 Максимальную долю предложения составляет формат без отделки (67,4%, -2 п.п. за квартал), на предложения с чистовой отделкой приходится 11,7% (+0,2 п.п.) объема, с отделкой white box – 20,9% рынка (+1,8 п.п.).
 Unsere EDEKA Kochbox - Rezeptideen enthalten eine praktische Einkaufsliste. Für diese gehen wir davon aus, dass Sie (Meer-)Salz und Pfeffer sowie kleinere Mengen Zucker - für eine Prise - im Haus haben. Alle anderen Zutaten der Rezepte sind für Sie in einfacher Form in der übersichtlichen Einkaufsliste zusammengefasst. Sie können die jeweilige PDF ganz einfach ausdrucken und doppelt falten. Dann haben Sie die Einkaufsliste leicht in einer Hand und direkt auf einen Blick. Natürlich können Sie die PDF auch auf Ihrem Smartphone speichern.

...

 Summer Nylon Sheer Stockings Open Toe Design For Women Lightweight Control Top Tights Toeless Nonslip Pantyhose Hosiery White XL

* * *

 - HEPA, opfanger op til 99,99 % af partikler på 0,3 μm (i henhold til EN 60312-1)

Aim of the task: Using the listing above, return word for word each line from the one that has "Максимальную долю предложения" through the one that has "Unsere EDEKA Kochbox", and no line outside that range.

Written solution:
 Максимальную долю предложения составляет формат без отделки (67,4%, -2 п.п. за квартал), на предложения с чистовой отделкой приходится 11,7% (+0,2 п.п.) объема, с отделкой white box – 20,9% рынка (+1,8 п.п.).
 Unsere EDEKA Kochbox - Rezeptideen enthalten eine praktische Einkaufsliste. Für diese gehen wir davon aus, dass Sie (Meer-)Salz und Pfeffer sowie kleinere Mengen Zucker - für eine Prise - im Haus haben. Alle anderen Zutaten der Rezepte sind für Sie in einfacher Form in der übersichtlichen Einkaufsliste zusammengefasst. Sie können die jeweilige PDF ganz einfach ausdrucken und doppelt falten. Dann haben Sie die Einkaufsliste leicht in einer Hand und direkt auf einen Blick. Natürlich können Sie die PDF auch auf Ihrem Smartphone speichern.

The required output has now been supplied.